"Washed and Dryed after being Executed"
Historical Humor from the Records of the Metropolitan
Nashville Archives
By
Kenneth Fieth, Metropolitan Nashville Archivist
Working in an Archives is akin to teaching school; over the years you accumulate favorites. The Archives staff has discovered records with deliberate and sometimes unintended humor. Some of those presented here have proven to be the favorites of many an audience and the staff.
Some of our earliest records are tavern licenses. These were issued to individuals granting permission to run a tavern or "Ordinary" in Davidson County. Apparently, many were granted since a form was created and printed for use.
The 1780s language is quite specific as to the business requirements for the budding, new entrepreneur.
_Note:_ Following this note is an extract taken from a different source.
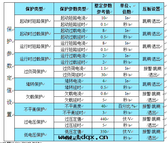 設置保護參數定(dìng)值时(shí),需先(xiān)設置好電(diàn)動(dòng)機(jī)的(de)額定(dìng)電(diàn)流Ie,各(gè)種(zhǒng)電(diàn)流保護的(de)電(diàn)流整定(dìng)值均設置为(wèi)Ie的(de)倍數;如(rú)“过負荷電(diàn)流:1.1Ie”表(biǎo)示設定(dìng)过負荷保護的(de)電(diàn)流值为(wèi)1.1倍Ie。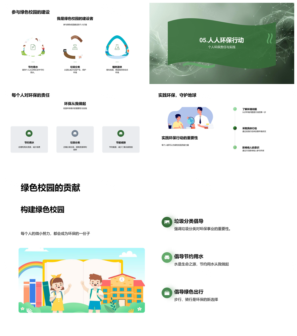 这是一张校园环保实践行动共建绿色校园PPT模板,包含校园、环保、实践、行动、共建、绿色等主题内容,也可用作校园环保实践行动、环保共建绿色校园、行动共建绿色校园、校园环保共建绿色、实践共建绿色校园、共建绿色校园、校园环保实践、环保实践行动、行动共建绿色、实践行动共建、校园环保共建、环保共建绿色、绿色校园、校园环保、环保实践等PPT场景使用。

In order to run an establishment in Nashville, one must (sic) “...confantly find and provide in his or her faid Ordinary good wholefome, and cleanly lodging and diet for travellers...nor on the Sabbath day suffer or permit any perfon to drink any more than necessary….”
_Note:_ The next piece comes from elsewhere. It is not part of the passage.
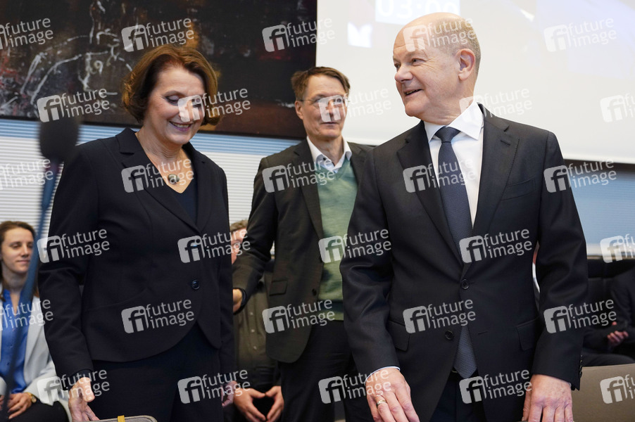 Britta Ernst, Karl Lauterbach und Olaf Scholz bei der Fraktionssitzung der SPD-Bundestagsfraktion im Reichstagsgebäude. Berlin, 16.12.2024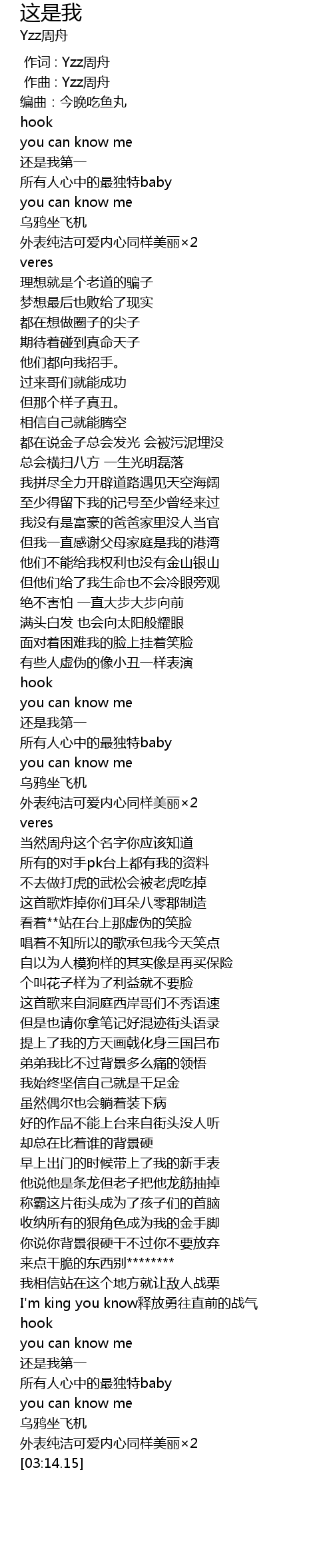 | [01:54.36] | suǒ yǒu de duì shǒu pk tái shàng dōu yǒu wǒ de zī liào |

We're still working on what, exactly, that means.
The following handwritten entry appears on the City of Nashville Arrest Blotter, December 31st, 1930. “If every body that broke the law was locked up, they would be no body left to carry water. W. A. Gibbons, Lieutenant.” Must have been a long New Year's Eve. Did the Lieutenant ever get his water?
Moving to the gentler side of things leads to the honorable estate of marriage. The Court Clerk, William Barrow, felt duty bound to inform future generations as to his opinion of the happy couple before him. Many marriage licenses bear his sometimes-caustic opinion.
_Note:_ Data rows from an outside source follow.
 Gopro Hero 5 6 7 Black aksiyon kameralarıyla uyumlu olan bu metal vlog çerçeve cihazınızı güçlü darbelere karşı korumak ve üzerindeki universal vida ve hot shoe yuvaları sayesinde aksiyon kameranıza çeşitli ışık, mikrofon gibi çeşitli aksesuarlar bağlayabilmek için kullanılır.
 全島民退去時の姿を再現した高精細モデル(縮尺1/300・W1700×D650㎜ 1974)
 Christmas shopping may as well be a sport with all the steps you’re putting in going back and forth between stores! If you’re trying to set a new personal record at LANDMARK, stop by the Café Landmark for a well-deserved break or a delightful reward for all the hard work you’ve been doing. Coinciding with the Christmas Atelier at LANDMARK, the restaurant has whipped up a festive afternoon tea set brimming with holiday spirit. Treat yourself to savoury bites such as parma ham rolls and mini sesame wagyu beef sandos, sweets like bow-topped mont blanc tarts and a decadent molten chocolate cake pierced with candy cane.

Clerk Barrow writes on an 1825 license: “...solemnized the rights of matrimony between the within parties, the groom's first wife had been dead for at least five weeks.” Another gives a glimpse through the window of time onto our energetic if not wholesome 1820s waterfront district: “... I married the within named person and his wife at the upper ferry at Nashville—no person present but a drunk stonemason whose name I do not know.”
A witness is a witness, inebriated or not.
It has been said that a last will and testament is just that. Human nature being what it is, these make for fascinating reading. Take, for instance, the great aunt who is concerned for her nephew. Her 1920 will grants him a generous portion of her estate provided “...he marries no one from Jackson, Tennessee.” It was a large estate; did the prospective bride ever move to Memphis?
Mostly ordinary people make the history of our city. They haven't changed much in the last 216 years. History can be as dull or as lively as you wish, it just takes a little looking to find the lighter side.
By the way, the title was taken from an 1830 marriage license. Leaving things in the pockets of clothes to be washed is not new. In a world of immediate and constant change it's a tradition that many of us are trying to sustain.